Ты не мог простить им, что они стали свидетелями единственного момента нашей жизни, когда я видел тебя не в форме, и меня это ужасно огорчало. Но срок давности истек, и сегодня дядя с тетей тоже на пенсии.

*

Мы сожгли твои архивы, и я вернулся в Париж. Телепередачи, договоры, сценарии… Ты хотел быть в курсе всего и звонил мне каждый вечер, расспрашивал о графике, встречах, контактах, проектах, переговорах и грядущих поездках. Некоторое время спустя я узнал, что ты заносил мое расписание в старый ежедневник. 12.30: обед с Фредериком Даром, 17.00: фотосъемка для «Экспресс», 20.30: программа «Апострофы» (грим). Ты жил за мной по пятам. Или в ногу. Словом, растворился во мне.

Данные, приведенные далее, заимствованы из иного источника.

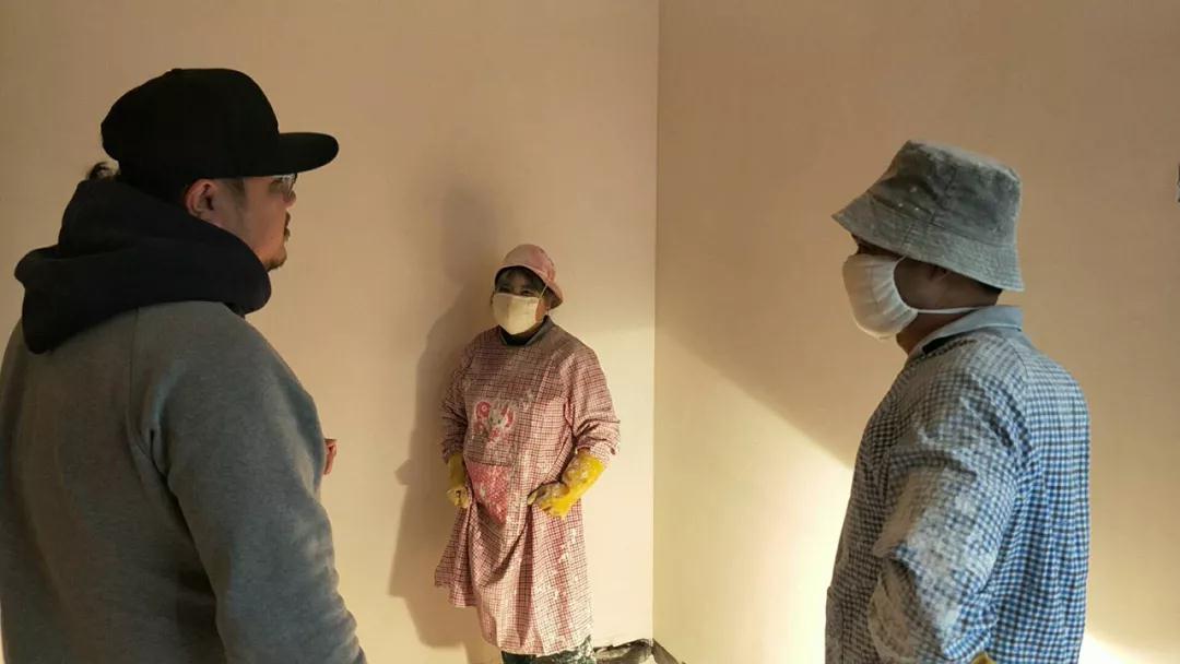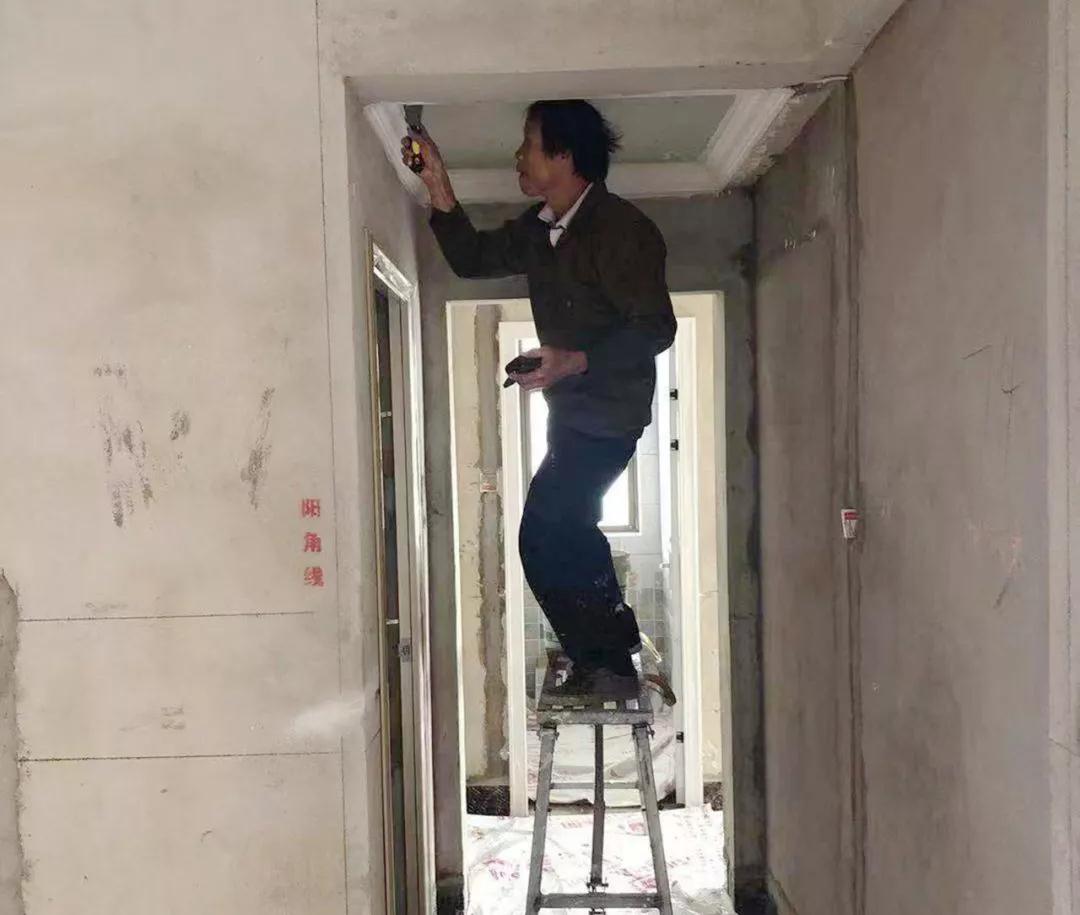 強(qiáng)光手電筒檢查陰角施工是否垂直平整

Ты не желал мириться с вынужденным бездельем и все время подыскивал себе занятия — устраивал заплывы в море, играл в теннис, катался на лыжах, а все остальное время проводил в видеолаборатории, которую, к ужасу жены, оборудовал рядом с кухней, в чулане, между шкафом и морозильником. Обмотавшись проводами видеомагнитофонов, ты записывал с телевизора все мои выступления, копировал их, а потом монтировал полный вариант интервью, вырезая ведущего и других участников, после чего наговаривал на магнитофон исчезнувшие при монтаже вопросы и комментарии. Порой ты так увлекался, что случайно стирал мой голос и дублировал меня, стараясь в точности воспроизвести интонацию. Впрочем, это напоминало скорее чревовещание, чем дубляж. Ты подменял мою жизнь своими мечтами, вкладывал свой текст в мои уста.

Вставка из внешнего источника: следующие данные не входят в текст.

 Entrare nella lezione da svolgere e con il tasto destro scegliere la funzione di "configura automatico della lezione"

«Видеоинженером» ты был неопытным, но старательным, поэтому приезжая на выходные домой, я чаще всего заставал тебя за переделкой отснятого материала. Я целовал тебя в лоб, а ты, едва взглянув, возвращался к экрану, где среди помех и полос проступало мое лицо.

— Сын хочет с тобой поздороваться, — раздражалась мама.

— Погоди, я его «пересаживаю», так что не торопи меня.

Мне нравилось это словечко, уместное скорее в устах садовода, чем видеоинженера, но временами сердце у меня сжималось от жалости. Отказавшись от своего призвания еще в детстве, ты примерял мой публичный образ на себя. Ты хотел все знать о моих планах, но я больше не слышал от тебя никаких историй: ты считал, что уже рассказал все самое интересное. Я жил и взрослел, словно плющ, обвивающийся вокруг могучего дуба. Теперь мы поменялись ролями — я стал твоим опекуном.

А потом случилось невообразимое: пробездельничав десять лет на пенсии, ты вернулся в профессию. Твоя старинная знакомая-адвокат оказалась в безвыходной ситуации: против ее компаньона Жоэля было выдвинуто обвинение, и он был отстранен от дел. Одна она не справлялась и умоляла тебя о помощи. Ты согласился, не раздумывая. Выключил все видеомагнитофоны, положил меня «на полку», достал из чулана портфель и отправился в контору.

Так начался, по моему мнению, лучший период твоей жизни. Жоэль, один из самых известных адвокатов страны, местный депутат, либерал и ярый противник всяких компромиссов, оказался в тюрьме по доносу, в результате искусной провокации — совсем как ты после войны, когда кучка коллаборационистов попыталась реабилитироваться за твой счет. Моралисты, правые и левые политики и оппортунисты всей мастей набросились на него, друзья предпочли отстраниться — мол, дыма без огня не бывает, а Дисциплинарный совет наложил временный запрет на адвокатскую практику.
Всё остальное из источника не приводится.